Die rekrutierstarken Ideologien dieser Übergriffe - die Optimierung, die Vorsorge, die Fürsorge, die Transparenz, das Echte – haben vordergründig die Vernunft auf ihrer Seite, gar das Menschenfreundliche. Aber ihre Konsequenzen sind alles andere als menschenfreundlich: Entmündigung, Konformitätsdruck, Erniedrigungsbürokratie. Umzingelt von fürsorgenden, hilfreichen und wohlmeinenden Institutionen geben die Menschen so freiwillig und arglos ihre Freiheit auf und tauschen sie gegen Zielvorgaben, Frauenquote, Gesundheitsförderung und anonyme Mitarbeiterbefragungen. Das Grundgesetz sagt: Die Würde des Menschen ist unantastbar. Das ist falsch. Im Unternehmen wird sie täglich angetastet.

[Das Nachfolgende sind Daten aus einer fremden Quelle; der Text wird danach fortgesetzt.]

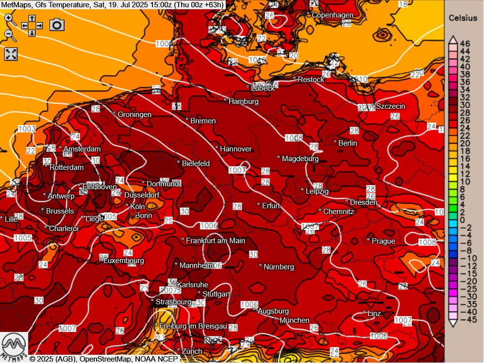 Am Samstagnachmittag zeigt sich der Himmel über weiten Teilen des Landes heiter oder die Sonne scheint von einem wolkenlosen Himmel. Im Süden und Südwesten steigt am Nachmittag und Abend das Schauer- und Gewitterrisiko, lokale besteht Unwettergefahr..

Dies muss gezeigt werden vorrangig für den institutionellen Rahmen, innerhalb dessen sich Chef und Mitarbeiter bewegen, die Strukturen, die Führungsinstrumente, die Kommunikationen. Welches Menschenbild setzt dieser Rahmen voraus? Welche Form des Miteinander-Umgehens macht er unwahrscheinlich? Welche Grenze setzt und überschreitet er? Setzt man den Menschen als Freiheitswesen voraus, dann treten viele Institutionen dem Menschen zu nahe, sind zum Teil hochinvasiv.
Dagegen setze ich den Anstand durch Abstand. Aus dem Gebot des Anstands leite ich fünf Prinzipien als Handlungsempfehlungen ab. Diese Prinzipien sind aus guten Gründen negativ formuliert. Wir müssen uns dringend von einer Logik lösen, die die Unternehmen zusehends verkrustet: Im Management kommt immer etwas hinzu. Selten sagt jemand: „Das machen wir nicht mehr.“ Oder: „Das fangen wir erst gar nicht an.“ Eine negative Unternehmensethik hingegen zeigt, was zu lassen ist. In Zeiten disruptiver Veränderungen reicht das Reparieren und Verbessern nicht mehr. Wir müssen uns ersatzlos trennen: von etlichen Werten und Institutionen, die angeblich bewährt sind, die aber mit dem Menschen als Freiheitswesen nicht vereinbar sind.